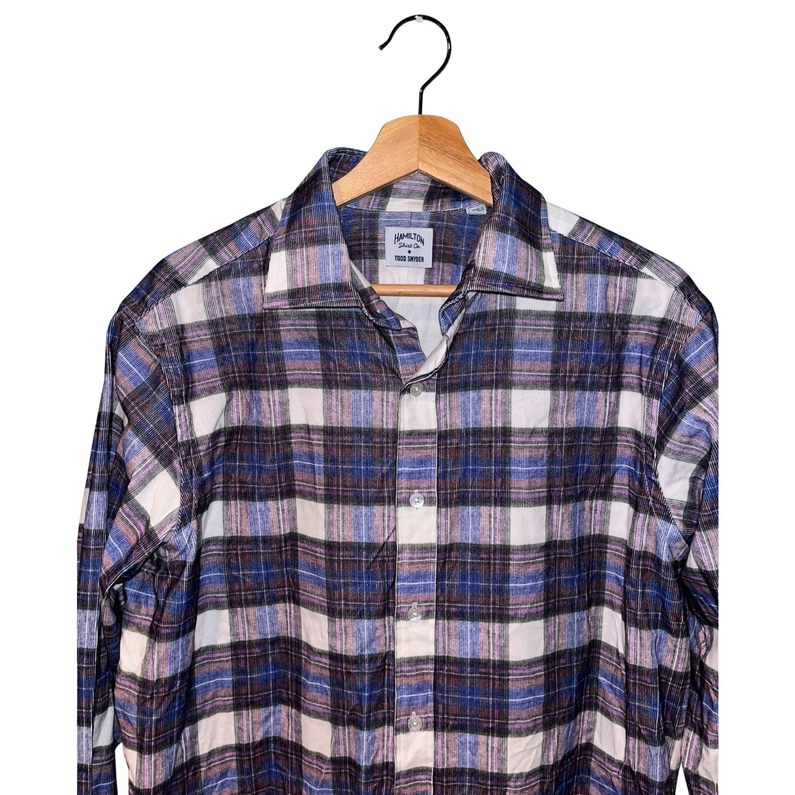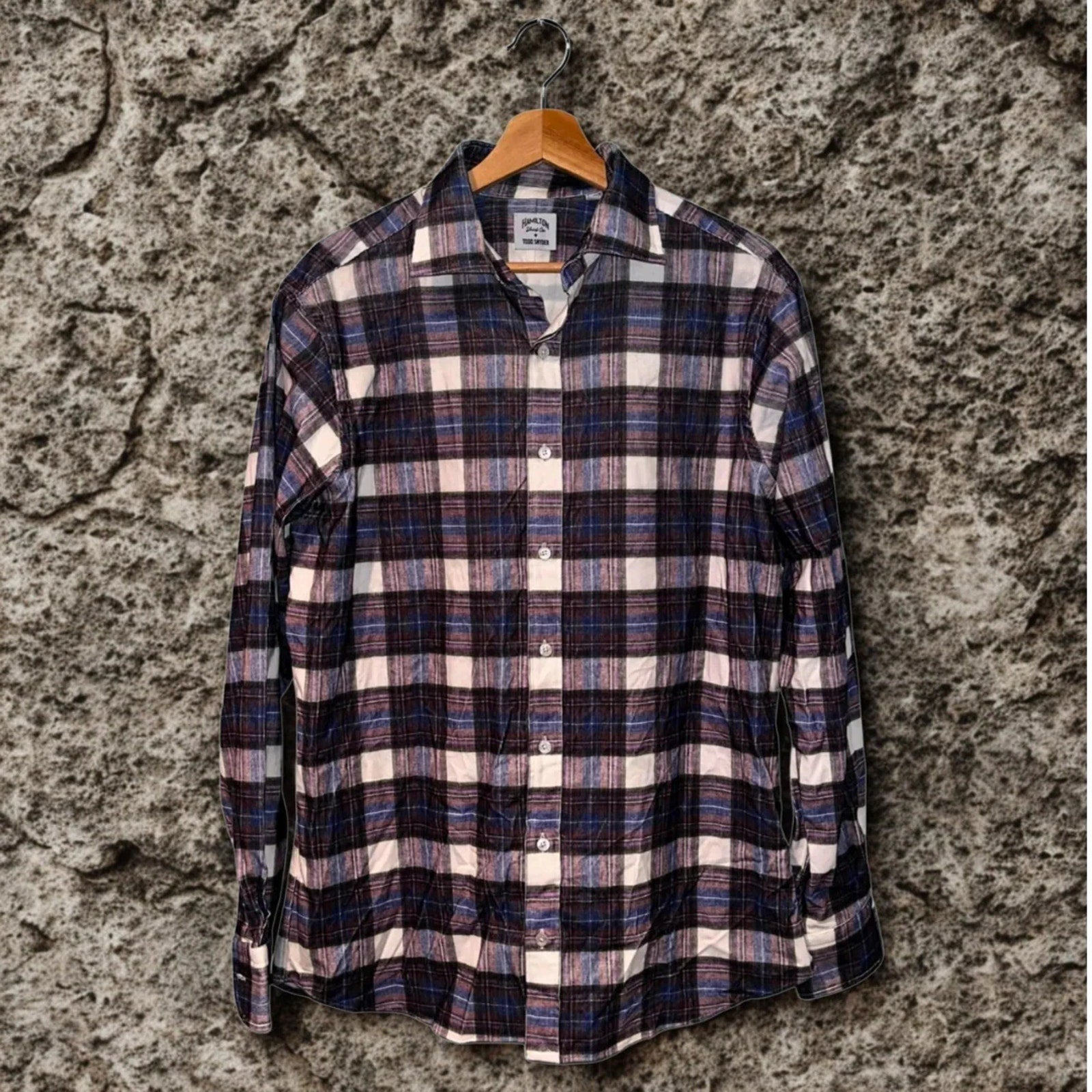 The Hamilton + Todd Snyder Check Gingham Button Down Shirt in size 16 features a classic check pattern in a multicolor design. Made from lightweight cotton twill fabric, this shirt is machine washable and suitable for various occasions such as travel, casual outings, and business meetings. The button-down collar, long sleeves, and regular fit offer a comfortable and breathable option for all seasons. With a vintage and 90s-inspired theme, this shirt combines timeless style with modern features like easy care and easy wear.
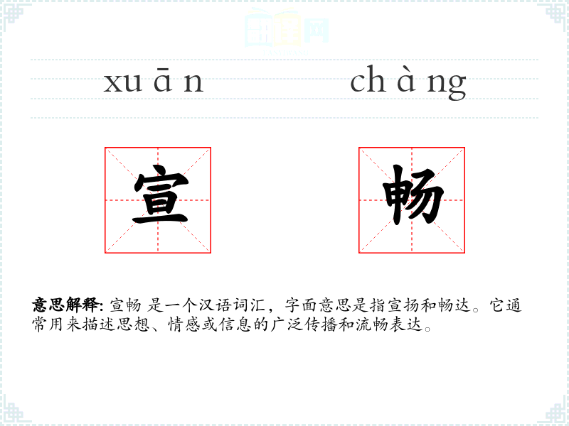 - 文学:在文学作品中,“宣畅”常用于描述人物的思想或情感的表达,如“他的理念宣畅四方”。
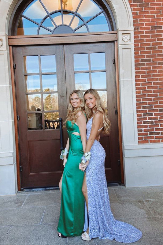 Charming Mermaid Cowl Neck Sequins Long Prom Dresses with Slit LD070302
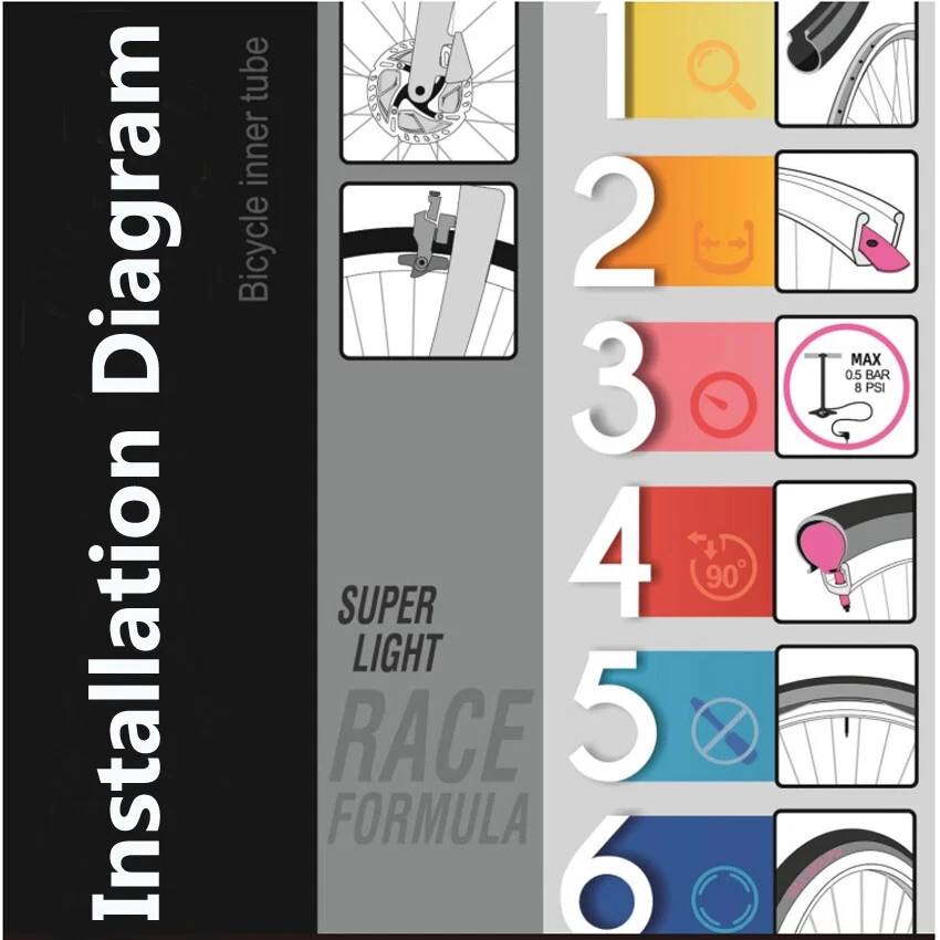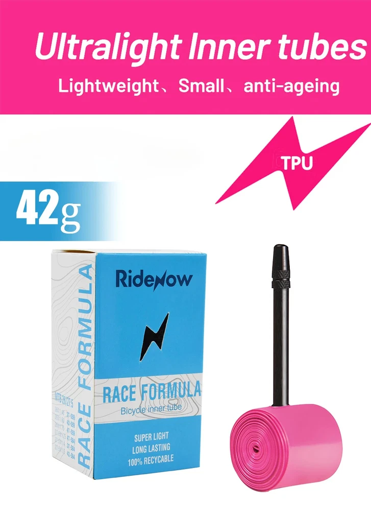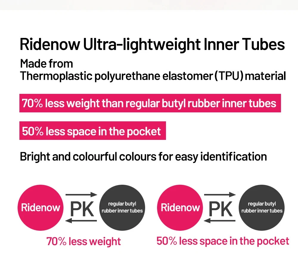 This inner tube cannot be inflated a lot when it is not installed in the outer tire, otherwise it will cause irreversible damage! Please use a manual air pump instead of high-speed air filling equipment such as air compressors or pumps. Before inflating the RideNow tube, turn the valve inward (towards the center of the tire circle). Inflate a small amount until the inner tube is round; this pressure should be less than 0.5 bar/8 PSI. Tire inflation pressure must not exceed 5 bar/72PSI When using rims with a no-ring-lip system according to ISO/TC 31. Every 3° (5°F) increase in temperature would increase the tire pressure by about 1%. If you inflate the tires in a cool garage in the morning (18°C / 65°F) and ride later at higher ambient temperatures (35°C / 95°F), it may result in an increase in inner tube pressure (e.g. 0.5 bar/8 PSI). Especially when riding on high temperature black asphalt pavement with temperature exceeding 65°C (150°F), the tire pressure may easily exceed the allowable maximum value. In addition, too high tire pressure can cause the tire to break away from the rim during cycling, which can result in the risk of injury. If pneumatic tires are stored at 60°C (140°F) or higher (e.g. in a car in hot weather), deflate the inner tube to 1 bar/15 PSI to avoid valve deformation.
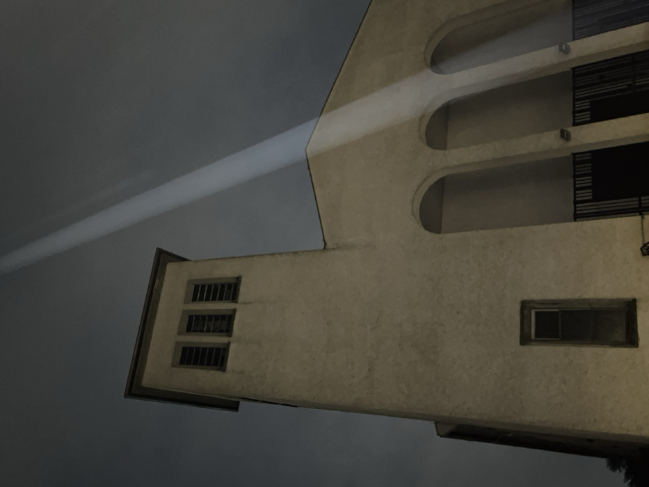 A low-angle shot depicts a building illuminated by a bright, linear light source against a dark sky. The building's facade features a series of arched openings and barred windows. A single, small window is visible on the lower part of the wall. The exterior of the building appears to have a textured surface. The light source creates a distinct, elongated beam across the image, contrasting sharply with the dim surroundings.
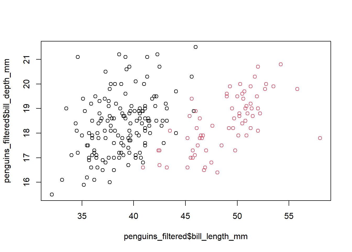 # Load the palmerpenguins packagelibrary(palmerpenguins)# Load the dataset and remove incomplete observationspenguins_clean <-na.omit(penguins)# Keep only Chinstrap and Adelie speciespenguins_clean <- penguins_clean[penguins_clean$species %in%c("Chinstrap", "Adelie"), ]# Generate scatter plot of flipper length vs. bill depthplot(penguins_clean$bill_length_mm, penguins_clean$bill_depth_mm,col =ifelse(penguins_clean$species =="Chinstrap", "blue", "red"),pch =19,xlab ="Bill Length (mm)",ylab ="Bill Depth (mm)",main ="Bill Length vs. Bill Depth")legend("topright", legend =c("Chinstrap", "Adelie"), col =c("blue", "red"), pch =19)# Perform a t-test on flipper length between Chinstrap and Adelie speciest_test_result <-t.test(bill_length_mm ~ species, data = penguins_clean)# Print summary of t-test resultsprint(t_test_result)
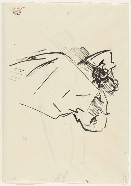 Curator: This is "Kussend stel en drie mannenhoofden," or "Kissing Couple and Three Male Heads," a pencil drawing by Leo Gestel, created sometime between 1891 and 1941. It resides here at the Rijksmuseum. Editor: My first thought? Quiet. Intimate. It feels like peeking into someone's private thoughts, a little voyeuristic almost. There's a simplicity to the lines, almost like whispers on the paper. Curator: Absolutely, that feeling of intimacy is palpable. The light pencil work enhances this; it's a fleeting moment captured, not a grand pronouncement. And in terms of representation, we can interpret the figures from a gender and relational perspective. Who are these people to each other? Editor: It does make you wonder about the narrative, doesn't it? The "kissing couple" seems central, but those other heads, floating almost...are they memories, spectres, alternate realities? Like different aspects of a single relationship. That's where the imagination takes over, for me. It's like Gestel gives us the bare bones of a story and we flesh it out. Curator: Considering Gestel’s life and artistic evolution, one might analyse how these portrayals resonate with broader discussions of societal norms during that period. What types of connections was he hinting at by placing them all in the same setting? The ambiguity is, indeed, significant. The choice to render everyone in pencil creates this very delicate network of relations. Editor: It's true. Even though it's a relatively simple composition, you get this emotional density. Looking at that line quality too-- he really captures the light and shadow. You feel the shapes without them being fully formed. Makes the people seem like ghosts, almost ephemeral. The figures are real and unreal at the same time! And is it just me or is that kissing couple oddly placed? They are not really the focus of the picture if we're judging from the compositional aspect. Curator: That positioning makes a strong visual argument, actually. Gestel might very well have aimed to emphasize that relationships—kissing or other—can be viewed as existing at the margins of the greater whole. It brings an interesting perspective on interpersonal dynamics against a broader socio-political backdrop, wouldn’t you agree? Editor: Totally. It starts out looking like just a quiet moment, then the layers begin to peel back. Curator: Well, this artwork leaves me pondering the silent stories behind the simple lines. A reflection on closeness, amidst the noise. Editor: For me, it is a little reminder that even the simplest sketches can hold whole worlds, emotions, narratives. You just have to be willing to look.
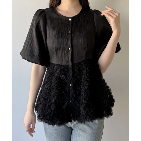 mipiarl フラワーモチーフチュールペプラムブラウス
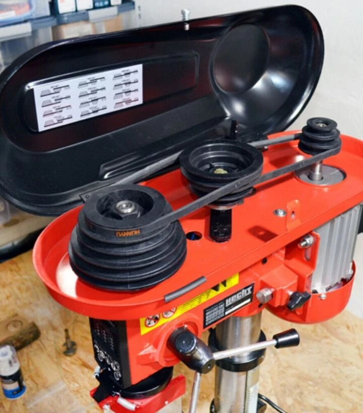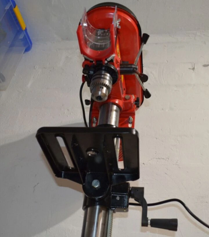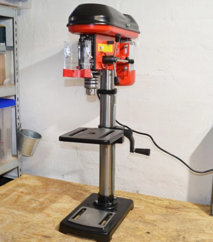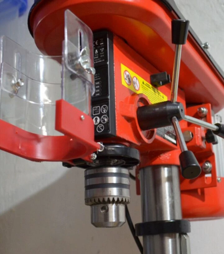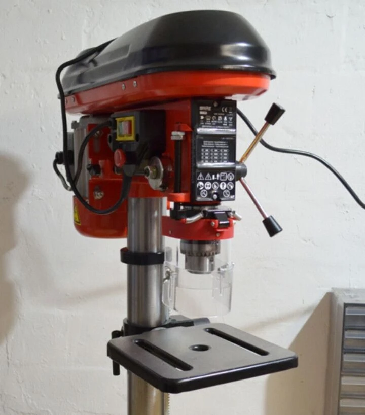 Ця модель обладнана регульованою швидкістю обертання в діапазоні від 420 до 2700 об/хв, що дозволяє адаптувати режим свердління залежно від матеріалу і діаметра свердла. Низькі швидкості доцільні для роботи з твердими металами та великими свердлами, тоді як вищі - для швидкого свердління у м’яких матеріалах, деревині або пластику. Такий діапазон забезпечує гнучкість у роботі та дозволяє оптимально підібрати режими для конкретних задач. Свердлильний стіл розміром 195×195 мм забезпечує достатню площу для надійної фіксації заготовки, а його нахил до 45° дозволяє виконувати свердлильні операції під кутом, що робить інструмент більш універсальним і зручним у використанні для різних технологічних процесів.
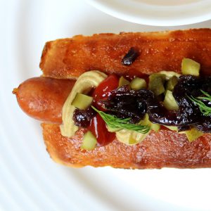 Párek si kupte, jaký se vám zlíbí. Ohřát ho ve vodě nebo v páře jistě zvládnete hravě. Ale klidně můžu Hot Koko Dog doporučit i na letní grilovačku – briošku opečete na grilu, párky klidně také, nebo je tam jen nahřejete… a v mističkách servírujte všechno možné, ať si každý najde svou kombinaci. Od okurek přes klasickou cibulku po tu karamelizovanou, ale klidně i sýr, nějaké to rajče, salát, nakládané chilli papričky, kapary… Plus hořčice, kečup, majonéza a další zvlhčovadla.
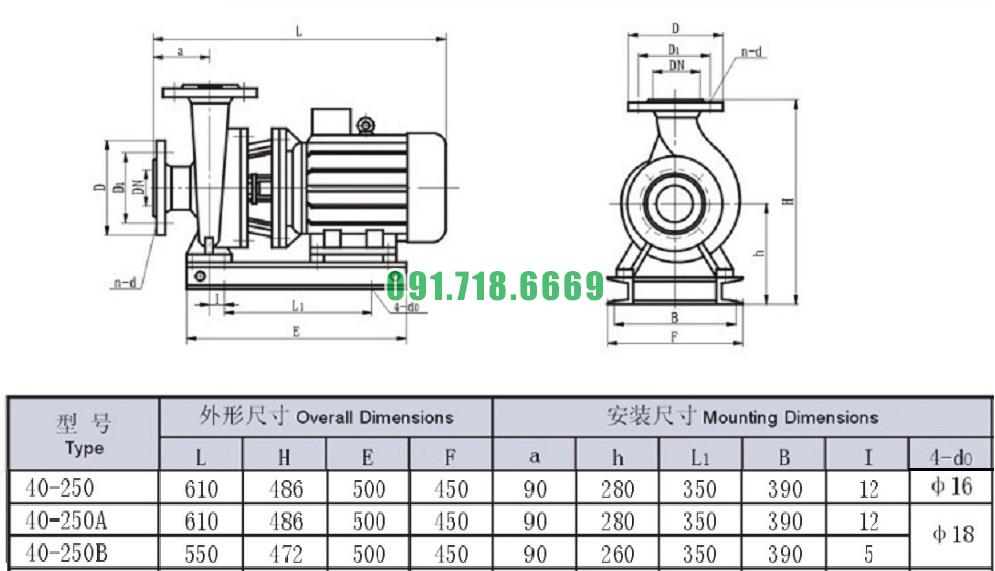 Bản vẽ cấu tạo và kích thước bơm nước trục ngang SLW-ISW40-250 hút sâu 2.3m
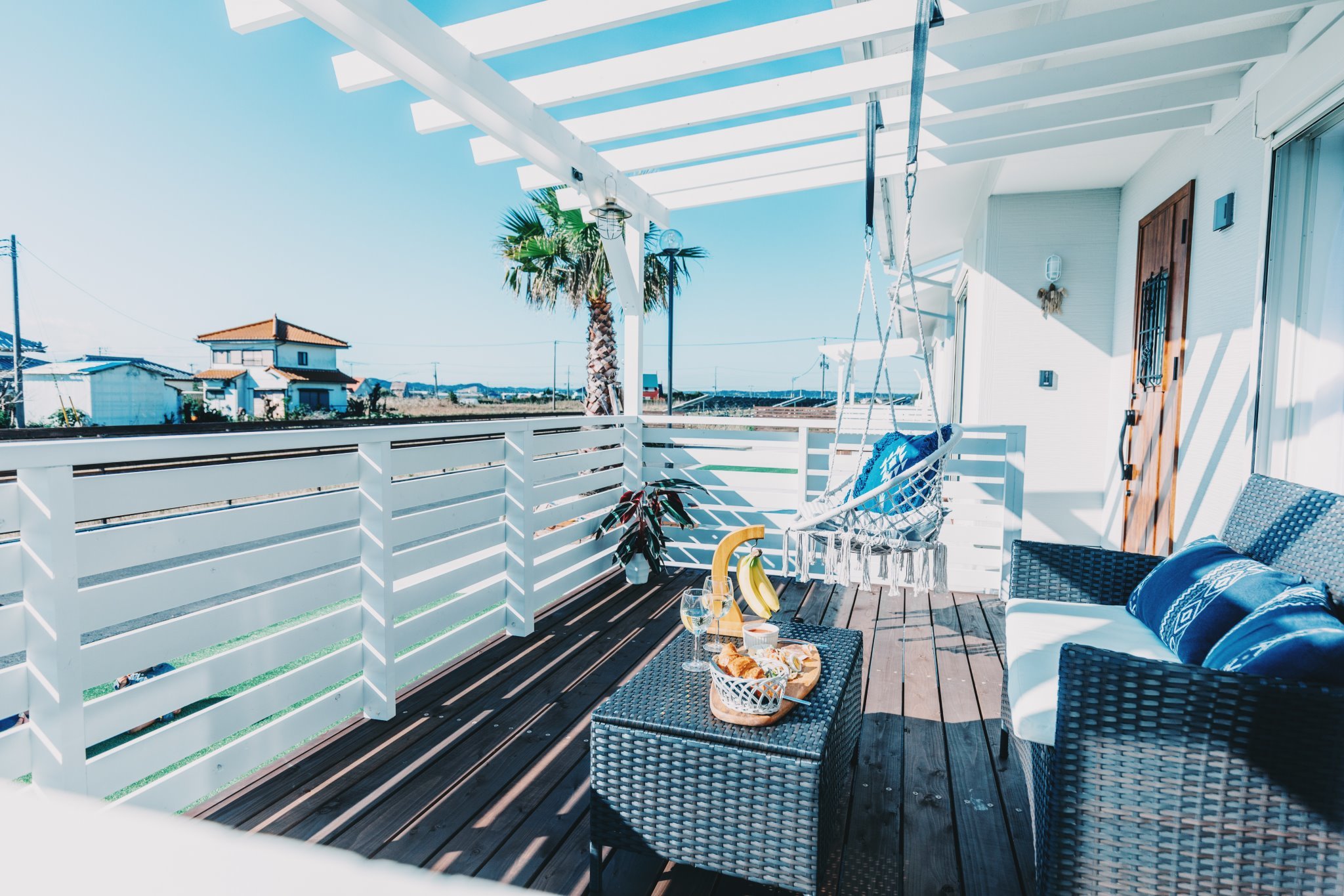 - 新築1棟貸切カリフォルニアテイストの宿。屋根・ひさし付きBBQ小屋で小雨でもBBQ可!海5分。

********************

## PROMPT:
The lines to be quoted run from the line containing "Bản vẽ cấu tạo" through the end of the entries above, both included; quote them exactly and leave out any pictures.

## TASK RESULT:
 Bản vẽ cấu tạo và kích thước bơm nước trục ngang SLW-ISW40-250 hút sâu 2.3m
 - 新築1棟貸切カリフォルニアテイストの宿。屋根・ひさし付きBBQ小屋で小雨でもBBQ可!海5分。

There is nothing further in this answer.